DISCLOSURES: The authors report no conflicts of interest relevant to the content of this article.
ABSTRACT: Background: Vitiligo-affected individuals, especially patients with darker skin tones, can suffer from negative psychosocial impacts due to unpredictable development of the condition and perceived cosmetic concerns. However, given that spontaneous repigmentation can be gained in vitiligo, many patients ask for treatment due to these cosmetic concerns. In the literature, only a few studies have been documented focusing on the outcome of various treatment modalities for vitiligo.
Objective: This article highlights the retrospective response of various treatment modalities in Indian patients with vitiligo.
Methods: A retrospective chart review was performed from July 2017 to August 2018 at our private dermatology clinic. A total of 3,000 patients were enrolled in this observational study. Patient characteristics and details of phototherapy (psoralen and ultraviolet A, narrow-band ultraviolet B, excimer laser) were noted as per a predefined format. The clinical response was evaluated as a marked response, defined as repigmentation in more than 75% of the initial lesional area.
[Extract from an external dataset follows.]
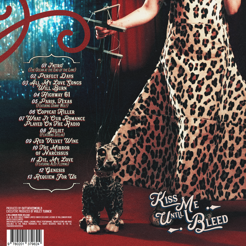 Em seu segundo álbum de estúdio, Violet Turner dá um salto artístico notável, trocando o impulso cru do debut por uma abordagem mais meticulosa, quase devastadora. Suas letras, melodramáticas, densas e cirurgicamente impactantes, revelam uma artista em pleno domínio lírico. É uma obra que equilibra vulnerabilidade e controle, beleza e desespero, inserindo Violet no radar como uma das artistas mais sofisticadas e inquietas da atualidade. Logo na faixa de abertura, Turner não apenas nos introduz ao universo emocional do álbum, ela nos arrasta para dentro dele. “Intro (The Ocean at the End of the Lane)” é um monólogo afogado entre o sublime e o autodestrutivo. A letra é brutal em sua honestidade e cinematográfica em sua estrutura: há um oceano, há uma mulher, e há uma promessa de dor que se transforma em desejo. Turner faz da melancolia uma forma de devoção, e da dor, um lembrete de que ainda se está viva. A transição entre o tom contemplativo e a explosão carnal (“Beije-me até eu sangrar”) revela, sem espaço para dúvidas, o porquê do título do álbum. É o ponto em que vulnerabilidade e violência se tocam, e Violet transforma o amor em um experimento físico, quase sacrificial. Em “Perfect Days”, Violet adota um tom mais narrativo, descrevendo um relacionamento marcado por intensidade e desgaste. A letra alterna entre lembranças íntimas e imagens violentas, equilibrando vulnerabilidade e ironia. Quando ela canta “Você costumava me chamar de Katrina”, há tanto afeto quanto rancor, uma metáfora que resume o caos emocional da faixa. Os dias perfeitos do título soam mais como um engano juvenil do que uma promessa cumprida. Turner compõe com frieza e clareza sobre o fascínio do amor destrutivo, sem se vitimizar nem se vangloriar. É uma canção sobre perda, mas também sobre reconhecer o próprio papel no colapso. Em “All My Love Songs Will Burn”, Violet abandona a grandiosidade das duas primeiras faixas e entrega sua composição mais frágil, talvez até desconfortavelmente honesta. A letra gira em torno de uma sensação persistente de vazio, tratada sem glamour e sem autocomiseração. É direta e possivelmente uma das letras mais humanas do álbum. “Highway 61” é outra composição narrativa, seguindo um eu lírico que cresce entre violência doméstica, omissão e religiosidade distorcida. A primeira estrofe contrasta a inocência noturna: estrelas, livros, leite quente, com a presença silenciosa de um “diabo” que simboliza abuso familiar e até sexual. O refrão transforma a estrada em fuga e renascimento, uma liberdade amarga, mas ainda assim liberdade. A segunda parte traz imagens diretas do trauma, incluindo a fantasia de um fim rápido. Na ponte, referências ao blues e ao mito da Rota 61 dão peso histórico à fuga, sugerindo que essa estrada sempre carregou almas partidas. O outro encerra com um fatalismo cru: a ideia de que o dano de infância molda tudo, inclusive a sensação de que não há futuro além da própria autodestruição. Em “Paris, Texas”, faixa colaborativa trabalhada como lead single do álbum, Violet e Danny Wolf constroem um diálogo erótico que mistura cinema noir, fetiche e fantasia de poder sem qualquer sutileza. A letra alterna entre imagens decadentes e um erotismo explícito que funciona mais como performance do que confissão. O eu lírico de Violet aparece entregando-se ao papel de objeto, enquanto Danny assume o controle com ironia e autoconfiança. O refrão, repetido pelos dois, transforma a metáfora da “boneca sexual” num gesto teatral, quase exagerado de propósito. A ponte é o momento mais interessante: Violet cruza referências a Paris, Texas com submissão física, dando à faixa uma camada melancólica em meio ao hedonismo. No geral, é uma música provocativa, estilizada e consciente do próprio exagero, mais estética do que emocional. É uma reflexão sobre a intensidade de querer e ser querido até os limites do corpo. Em “Copycat Killer”, Violet Turner leva o conceito do álbum — a necessidade de ser amado e a impossibilidade de se preencher — ao extremo mais perturbado e teatral. A letra constrói uma narradora que oscila entre confissão e fantasia stalker, explorando desejo como compulsão química e identidade como algo copiável, moldável, quase consumível. Há imagens fortes (“o mapa do meu coração é seu, marcado em vermelho”) e outras que flertam com o grotesco pop (“sentir o gosto do Prozac no seu suor”), criando um híbrido entre obsessão adolescente e erotismo farmacológico. A música funciona como um delírio narrativo: exagerada, autoconsciente, às vezes propositalmente desconfortável e, dentro da lógica do álbum, reforça o retrato de personagens que confundem ser amadas com existir. “What If Our Romance Played on the Radio?” transforma a fantasia romântica em transmissão pública — como se a protagonista precisasse que o mundo inteiro ouvisse seu amor para que ele finalmente existisse. É uma carta aberta mascarada de love song, onde o romantismo vintage (“la vie en rose”, o rádio chiando, a lua como destino) contrasta com a dinâmica explícita de submissão, violência emocional e física. Violet escreve o próprio abuso como se fosse uma performance pop, perguntando o tempo inteiro se a validação externa poderia consertar o que está quebrado por dentro. O resultado é desconfortante, autoexposto, quase desesperado. Dentro do projeto, a música funciona como tese e síntese: amar, para essa narradora, é uma tentativa de preencher o silêncio interno com qualquer som, até mesmo o chiado de um rádio tentando pegar sinal. “Juliet” é a faixa onde Violet transforma a tragédia romântica em ritual de autodevoração. A música, que é uma colaboração com a estrela da música alternativa Stelar, expande o tema central do projeto: amor como fome, ausência e desespero, levando-o ao seu extremo teatra
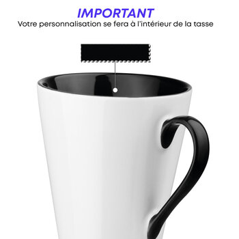Le mug personnalisable a une capacité de 320 ml et est conçu en céramique. Il présente une anse qui correspond à la couleur de l'intérieur. La personnalisation est réalisée par cuisson, ce qui assure une bonne durabilité... Plus de détails

Results: In the present study, 1,996 patients received phototherapy and 1,004 patients were treated with topical monotherapy. Patients treated with phototherapy only and those treated with a combination of phototherapy and topical agents showed significantly higher clinical response rates relative to patients treated with topical monotherapy only (marked response rate: 47.8% vs. 8.7%; P<0.001 and 23.4% vs. 8.7%; P<0.001). Disease subtype predominately affected the treatment response.
Conclusion: In Indian patients with vitiligo, phototherapy appears to be an effective treatment option for both focal and vitiligo vulgaris. Due to its reliability and minimal side effects, it can be considered a preferable treatment modality for vitiligo.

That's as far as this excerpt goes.